The vertices in bold fonts form edges in \(\partial N\):

$$\begin{aligned} \partial N= 9\hbox {-}2\hbox {-}11\hbox {-}4\hbox {-}9\cup 1\hbox {-}10\hbox {-}3\hbox {-}12\hbox {-}1. \end{aligned}$$

(56)

Proof

Let \(\sigma \in c(S)\cap c(P)\) be a simplex. Since vertices 5,6,7,8 are not in c(S), \(\sigma \) does not have a vertex in \(\{ 5,6,7,8\}\). According to Eq. 16, the only triangles in \(\partial p(\mathbf {a}_0\mathbf {b}_0\mathbf {c}_0,\mathbf {a}_1\mathbf {b}_1\mathbf {c}_1)\) that does not have vertices \(\mathbf {a}_0\) and \(\mathbf {a}_1\) are \(\{\mathbf {b}_0\mathbf {b}_1\mathbf {c}_0, \mathbf {b}_1\mathbf {c}_0\mathbf {c}_1\}\).

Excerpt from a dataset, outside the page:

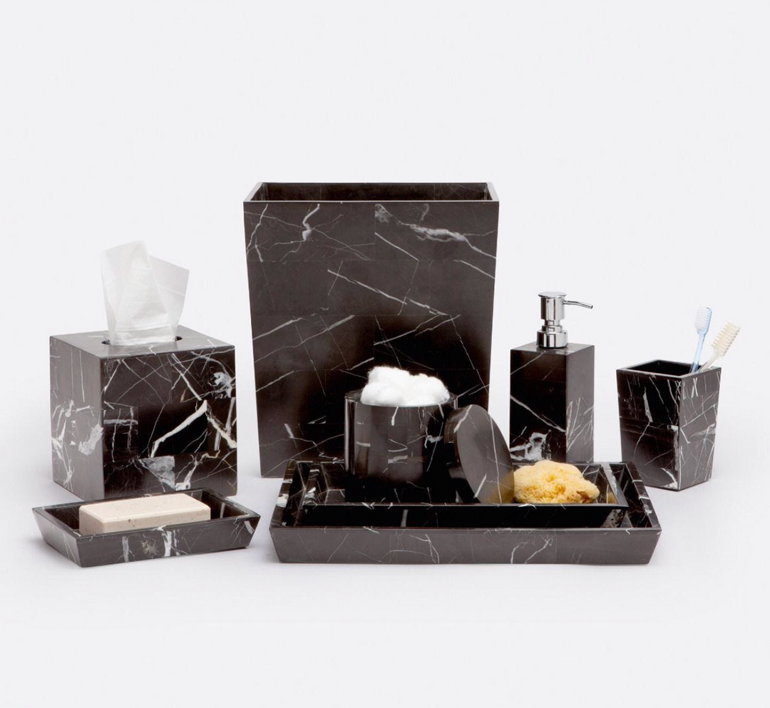 The dark side never looked so good! The bold, black marble of our Luxor collection makes a beautiful statement. The weight and sturdiness of each piece is as impressive as its appearance.

Using Eq. 51 and \(\mathbf {a}_0\in \{5,7\}\) and \(\mathbf {a}_1\in \{6,8\}\), \(\sigma \) is included is one of the triangles in \(\tilde{N}\) where

$$\begin{aligned} \tilde{N}= & {} \{ 9.2.1,2.1.10 \}\cup \{ 11.2.3,2.3.10\} \nonumber \\&\cup \, \{ 9.4.1,4.1.12 \}\cup \{ 11.4.3,4.3.12\}. \end{aligned}$$

(57)

Therefore \(c(S)\cap c(P)\subseteq c(\tilde{N})\). Conversely, \(\tilde{N}\subseteq c(P)\) and \(\tilde{N}\subseteq c(S)\) imply \(c(\tilde{N})\subseteq c(S)\cap c(P)\). Last we check that \(N= \tilde{N}\). \(\square \)

Thus \(Z= P\cup S\) with \(n= 4\) and \(P= \cup _i P_i\) as in Theorem 15. Since Z is strongly non-shellable [24], \(Z= P\cup S'\) and \(S= S'\).